--- ENTRIES PROVIDED Enclosed Below ---

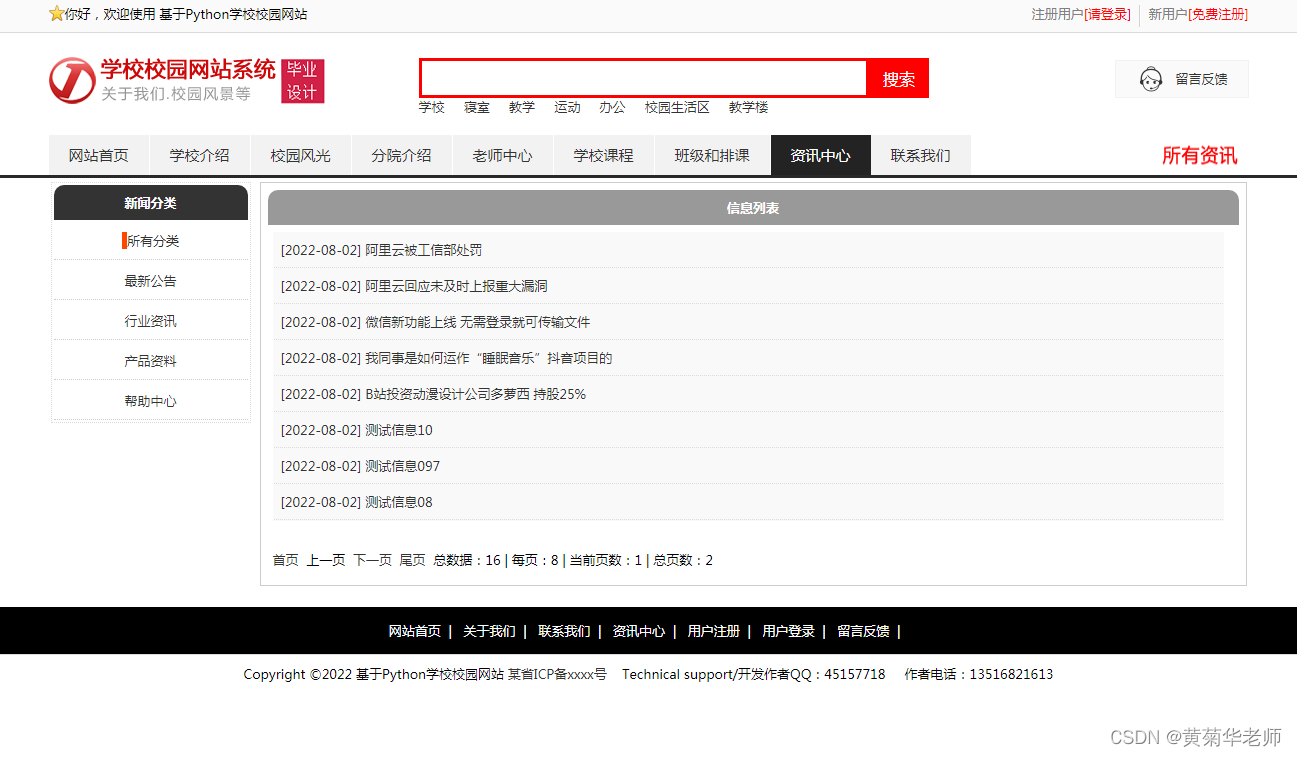 资讯列表:显示所有资讯,可以点击左侧资讯分类筛选
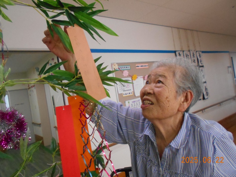 みなさん各々の好きな場所に短冊を飾りつけをして「ここがいいかな」「向こうの方がいいかな」と迷いながら飾りつけをしている様子でした。
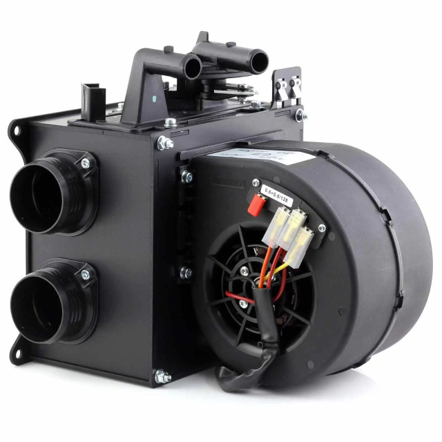 Värmaren är utrustad med en 3-stegs centrifugalfläkt av High Power-typ på 235cfm. De fyra luftutgångarna (Ø51 mm) möjliggör flexibel installation och effektiv fördelning av varm luft i kupén.
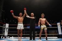 3R、武居は左ハイを入れ、左ストレート、右アッパー、左ボディストレートと久保を倒しに掛かる。そして武居の右フックに足を滑らせる久保だが、これはスリップでダウンとならず。目周辺に腫れの目立つ久保だが、武居の右フックが度々とらえても倒れない。意地と気持ちを見せる久保に、武居は右フック、ミドル、ボディへのヒザと最後まで攻め優勢で終える
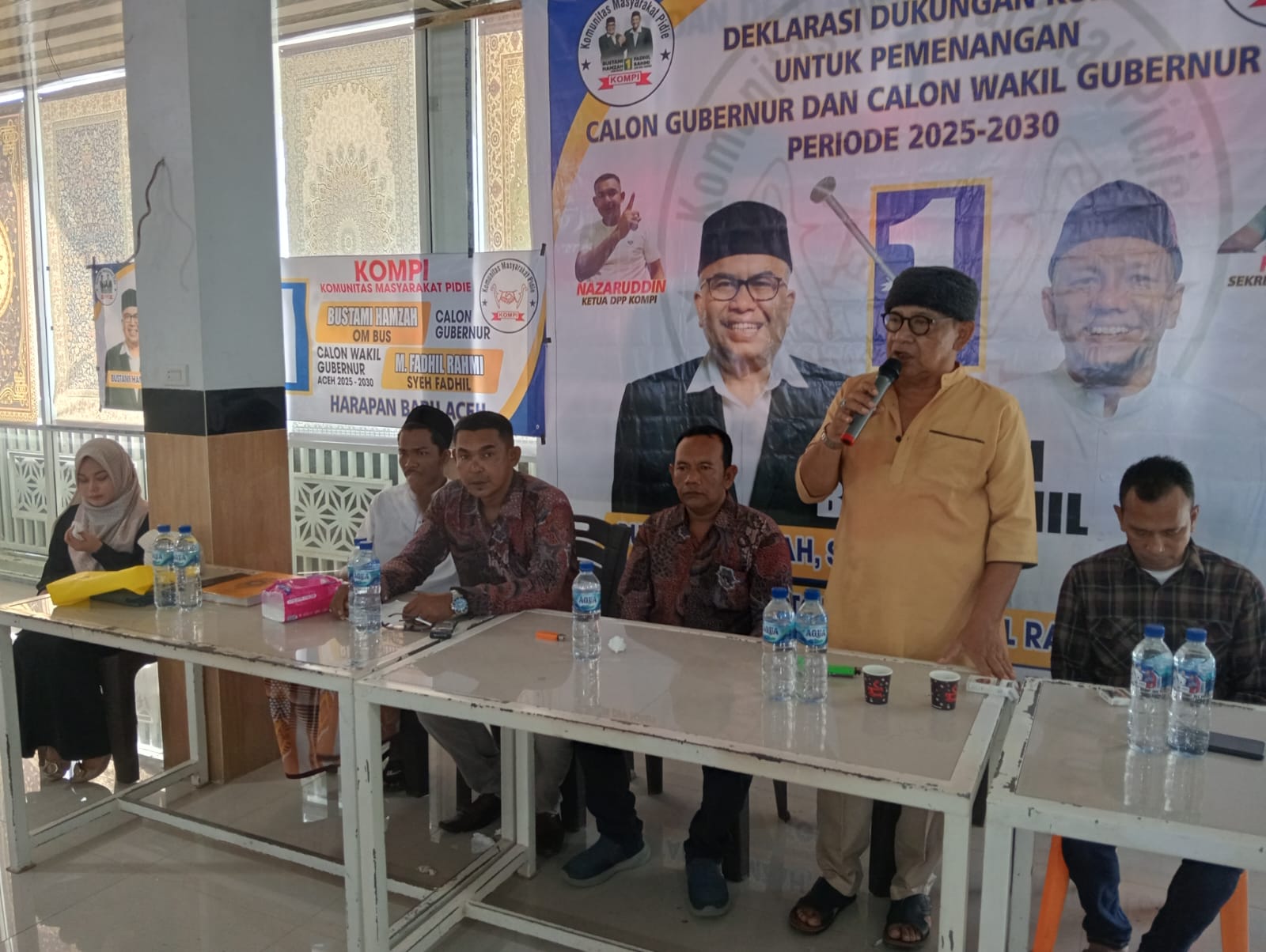 “Kami Seluruh pengurus DPP KOMPI siap memberikan dukungan penuh kepada Om bustami Hamzah dan Tgk Fadhil Rahmi, bahwa sebelumnya terlebih dahulu mempelajari dan mendalami rekaman jejak kedua calon Nomor urut 01,” kata Nazaruddin.
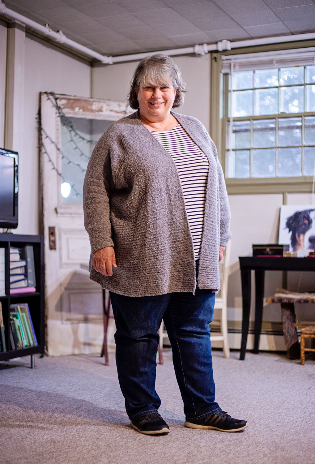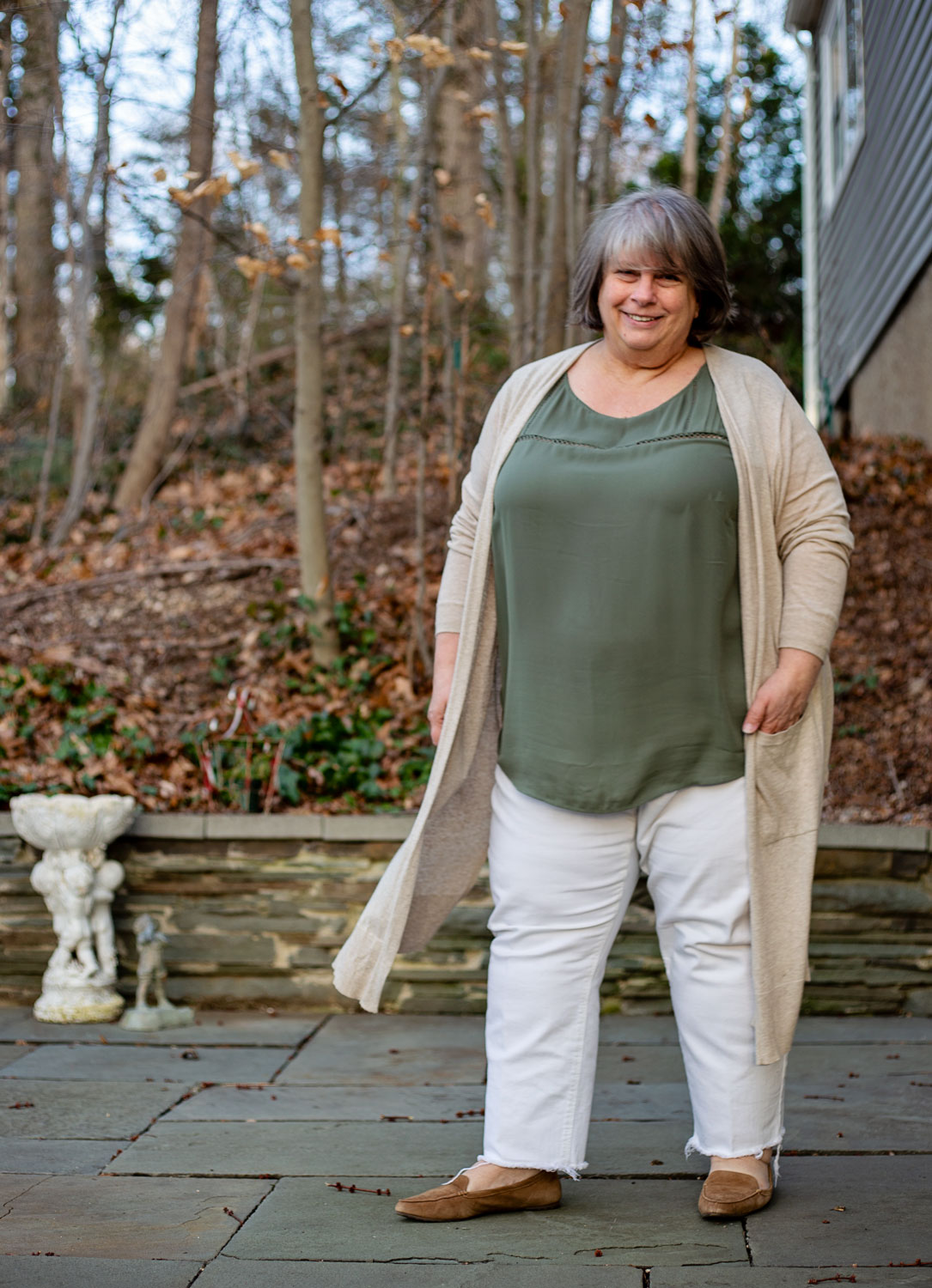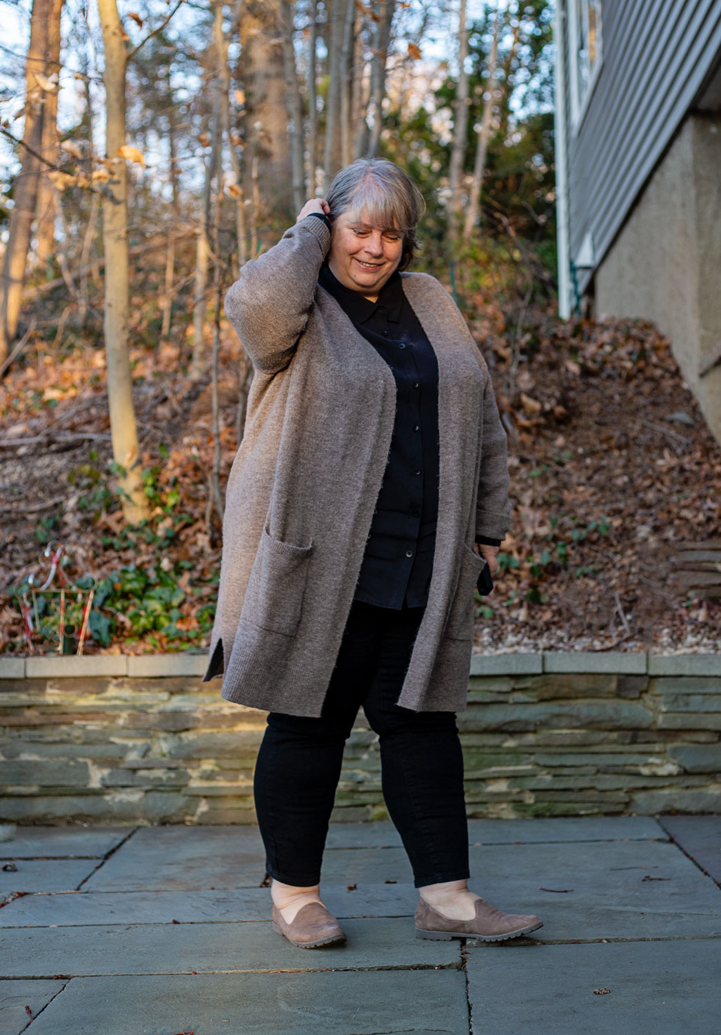 I love the black outfit (looks black on my computer) and gray cardigan – especially the cardigan. I’m in love with the long sweaters.
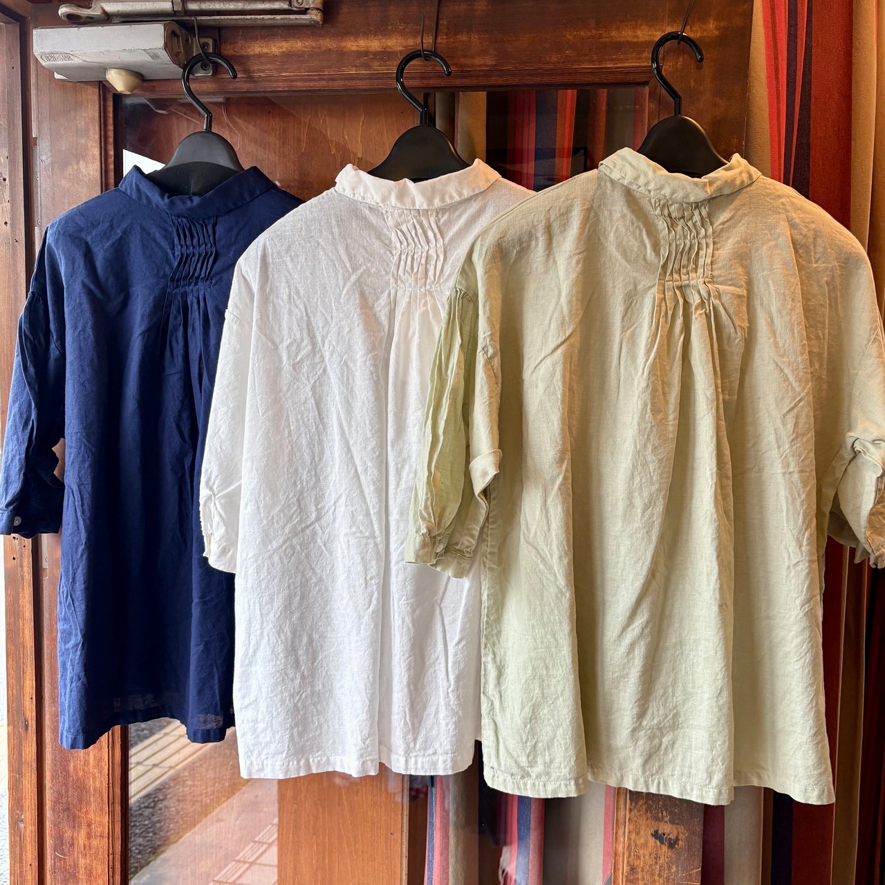 tukuroiのコットンリネンガーゼピンタック6分袖ブラウス。
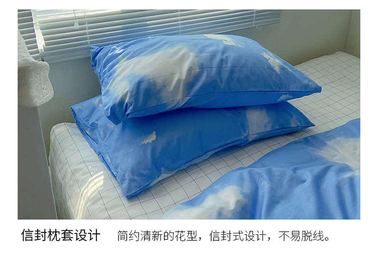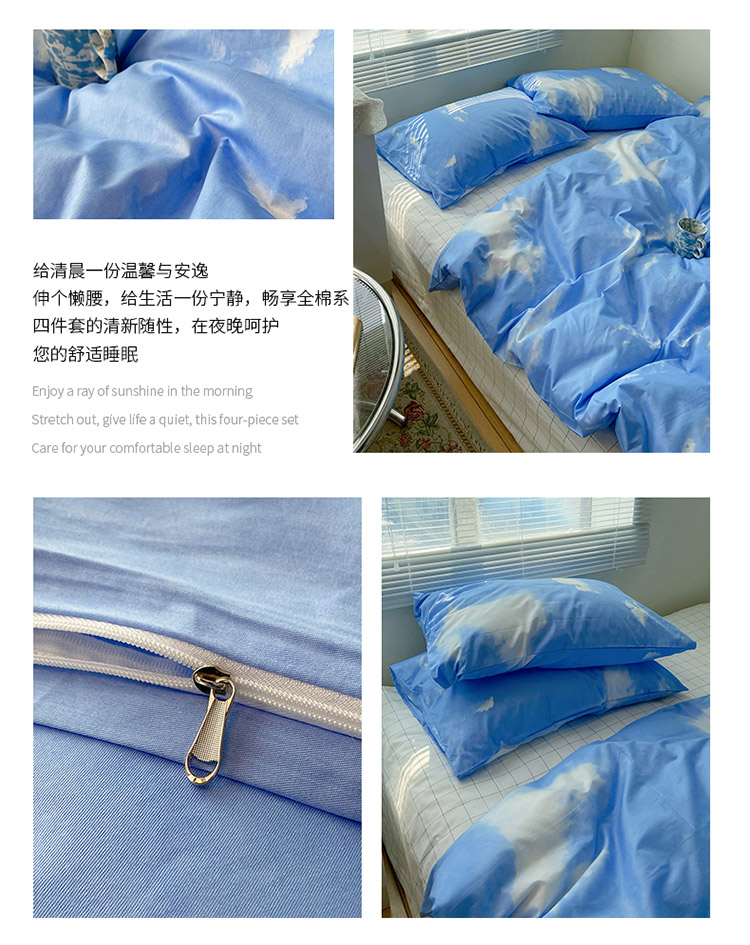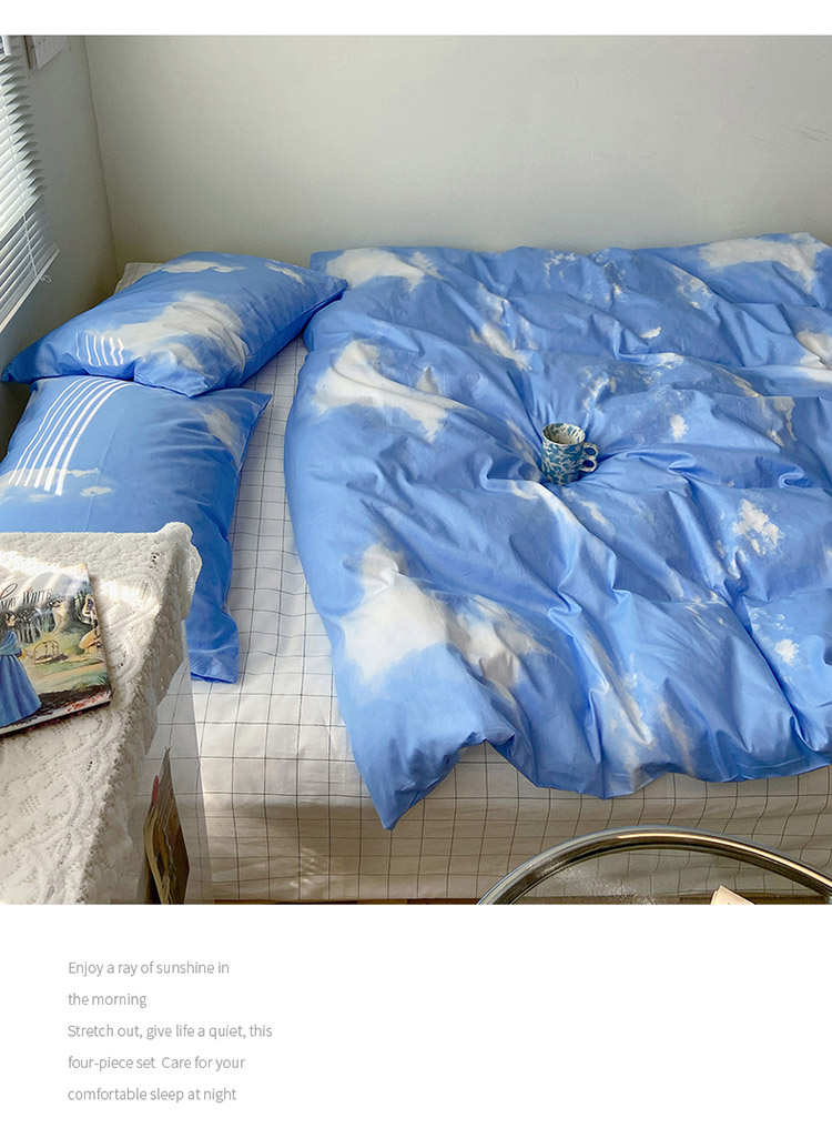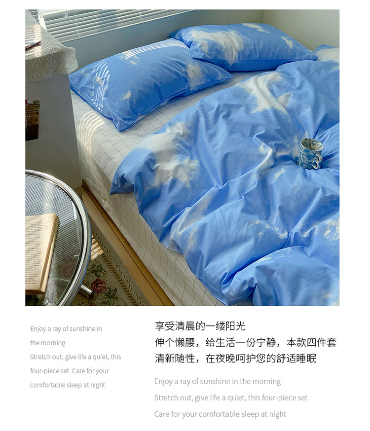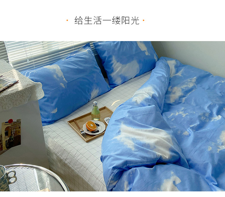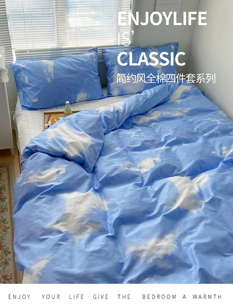 2021新款简约风40s13372全棉喷气四件套 蓝天白云
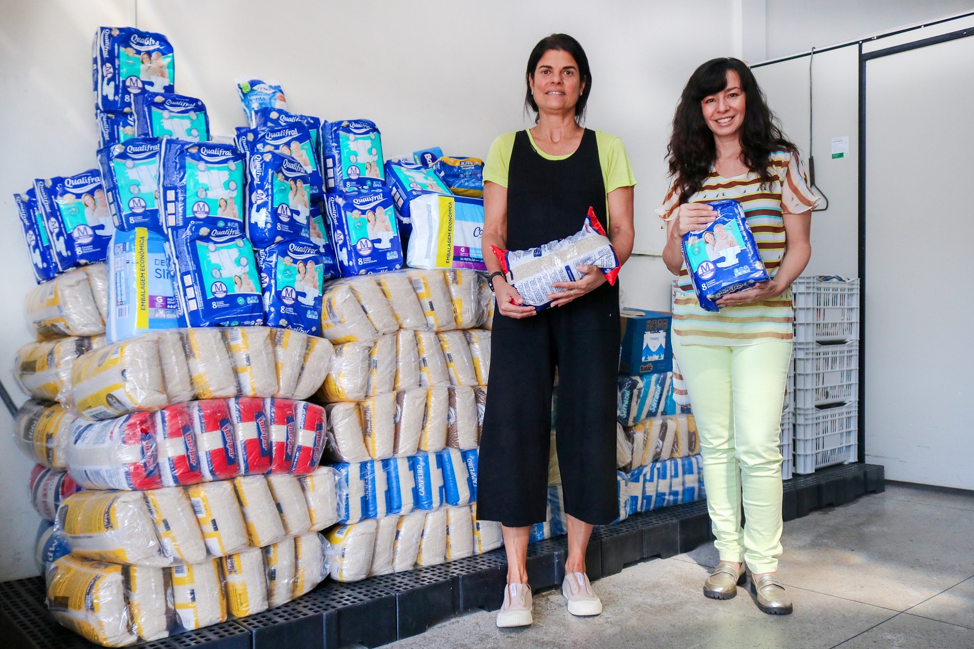 Andréa Almeida, do Fussp, e Mônica Salles, da Oji Papéis, oficializaram a entrega e o recebimento das doações
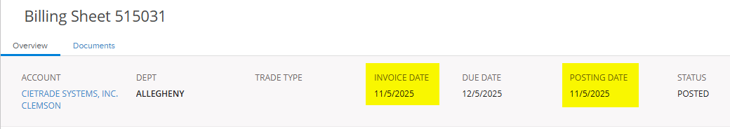 The Status is related to the status on the billing sheet. This allows you to have a user defined workflow for invoice approval. NOTE: Once a Billingsheet is put into APPROVED status, it will show in the Batch invoice feature. Any Billingsheet in an APPORVED or POSTED status will create a brokerage worksheet in the background where AP can be posted.
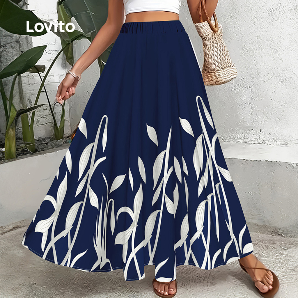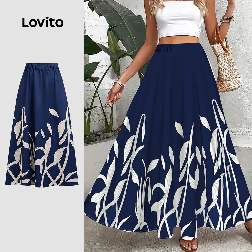 Lovito Saias Boho Padrão Resort Primavera/Verão Azul Marinho Femininas LBL32218
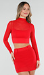 Deze top is gemaakt van een strechy mesh stof waardoor hij een mooie doorschijnende look heeft. Binnenin de top is een sport-bh ingewerkt zodat je zelf niks eronder hoeft te dragen. Deze sport-bh heeft ingewerkte pads waardoor het dragen van een bh overbodig is. De top heeft lange mouwen en een hoge kraag en aan de onderzijde is hij voorzien van een brede elastische band.
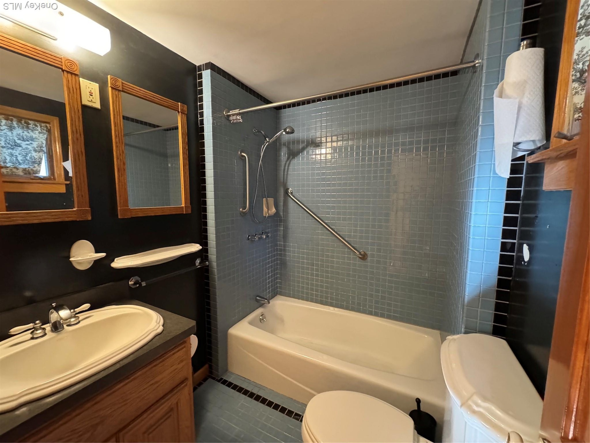 - Primary ensuite Full bathroom featuring tub / shower combination, vanity, and tile patterned flooring

--- End of Enclosed ENTRIES PROVIDED ---

> _WHAT YOU HAVE TO DO_: What is needed is an exact repeat of the lines from the one containing "Deze top is" through the last line of the records above, both included, with pictures left out.

> _EXPECTED ANSWER_:
 Deze top is gemaakt van een strechy mesh stof waardoor hij een mooie doorschijnende look heeft. Binnenin de top is een sport-bh ingewerkt zodat je zelf niks eronder hoeft te dragen. Deze sport-bh heeft ingewerkte pads waardoor het dragen van een bh overbodig is. De top heeft lange mouwen en een hoge kraag en aan de onderzijde is hij voorzien van een brede elastische band.
 - Primary ensuite Full bathroom featuring tub / shower combination, vanity, and tile patterned flooring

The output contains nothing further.